Thomas Annandale

from Wikipedia, the free encyclopedia
Thomas Annandale

Thomas Annandale (born December 2, 1838 in Newcastle upon Tyne , † December 20, 1907 ) was a British surgeon.

Annandale was the son of a surgeon in Newcastle upon Tyne and studied with his father before studying medicine at the University of Edinburgh . After graduating (MD with the highest honors and gold medal for his work on injuries of the hip joint) in 1860 he became house surgeon at the Royal Infirmary and then private assistant from 1861 to 1870 to the Regius Professor of Surgery in Edinburgh James Syme, like Joseph before Lister . He was an anatomy demonstrator in Edinburgh and has been a lecturer in surgery since 1863. In 1864 he received the Jacksonian Prize from the Royal College of Surgeons of England for his dissertation on the surgical treatment of injuries and deformities of the fingers and toes. In 1865 he became an assistant surgeon and in 1871 a surgeon (Acting Surgeon) at the Royal Infirmary. In 1877 he succeeded Lister (who went to King's College in London) as Regius Professor of Clinical Surgery in Edinburgh.

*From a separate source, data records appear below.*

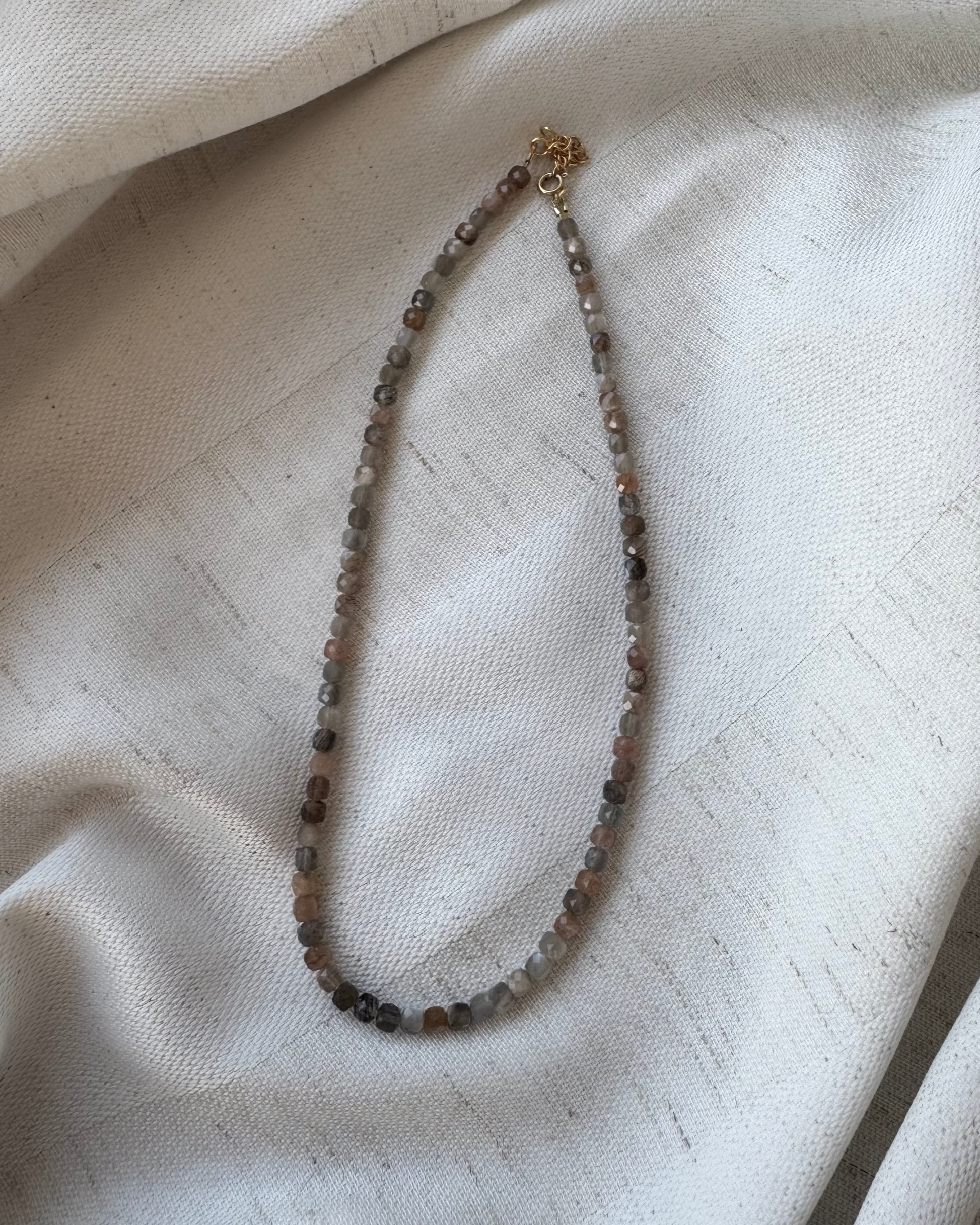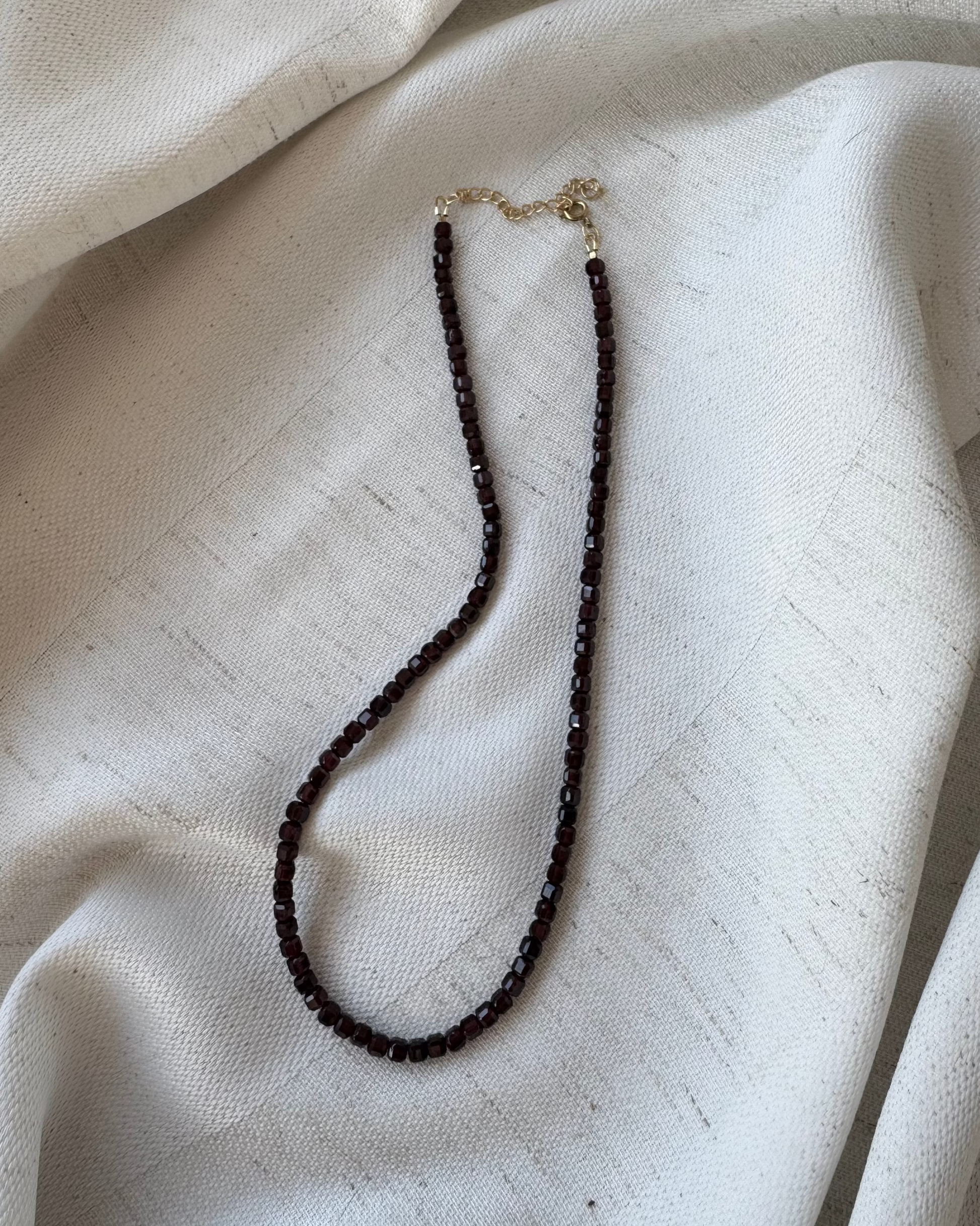 Diese handgefertigte Kette vereint natürliche Schönheit mit zeitloser Eleganz. Wähle zwischen zwei Varianten: warme, schimmernde Granat (bordeauxrot) oder sanfte, erdige Calcite-Perlen in Beige. Beide Edelsteine sind facettiert und in Würfelform von 4x4mm gearbeitet und reihen sich harmonisch zu einer klassischen Form. Mit 40 cm Länge plus 5 cm Verlängerung sitzt die Kette angenehm am Hals und lässt sich vielseitig kombinieren , von alltagstauglich bis festlich.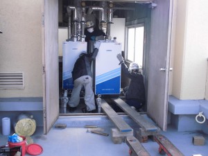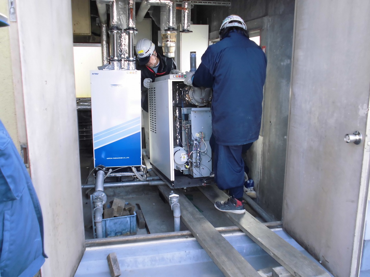 保守契約先であるビジネスホテル様のボイラー(給湯用)×2台の交換作業を実施致しました。お客様の職制上、年中無休24時間営業をされている関係、営業をされながらの交換作業でした。2台のボイラーを1台づつ復旧をする工事の為、スピードと慎重さが求められる「かなりの難工事」でしたが、無事作業は終了致しました。テクノオカダでは、ボイラーの保守・工事も対応可能です!ボイラーに関するお問い合わせご相談は、当社までご連絡ください。
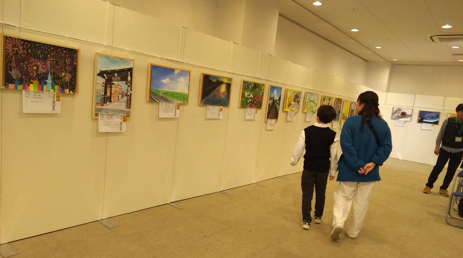 令和3年11月9日(火)〜19日(金)の間、市川市役所第一庁舎1階ファンクションルームにおいて、市内の小中学生の作品展示が行われると同時に、40周年記念として隣りのブースで楽山市の優秀作品が上映されました。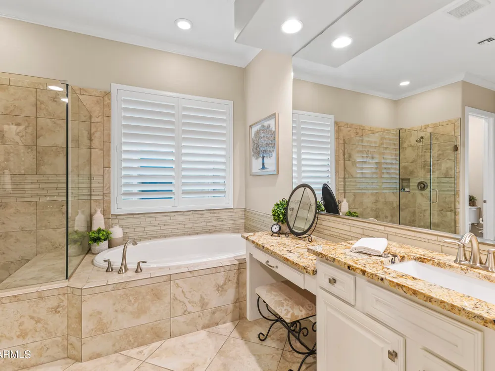 - Granite Counters, Double Vanity, 9+ Flat Ceilings, No Interior Steps, Separate Shwr & Tub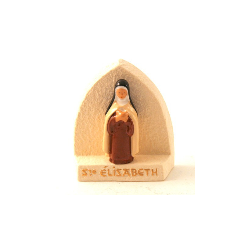 Cette statue de Saint Patron "Sainte Elisabeth" est réalisée en céramique emaillée, et est positionnée sur un socle en forme d'ogive fabriqué en poudre de marbre reconstitué.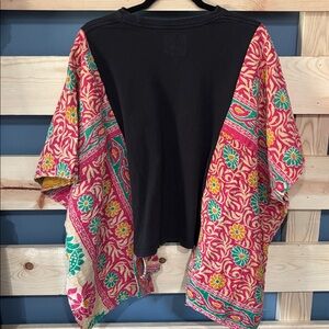 Upcycled RUN DMC T W/ Floral Kantha sleeves, by Susie.

Annandale is credited with the first preperitoneal surgical treatment of an inguinal hernia (1876, inguinal incision). He was a pioneer in knee surgery and described the first meniscus custom . In 1895 he carried out the first successful removal of a neuroma from the auditory nerves.

An award for surgery students (best undergraduate ) at the University of Edinburgh is named after him.

He was a Fellow of the Royal Society of Edinburgh , the Royal College of Surgeons of England (1888) and the Royal College of Surgeons of Edinburgh (1863). He was a surgeon for the Royal Company of Archers . In 1902 he received an Honorary Doctor of Laws (DCL) from the University of Durham .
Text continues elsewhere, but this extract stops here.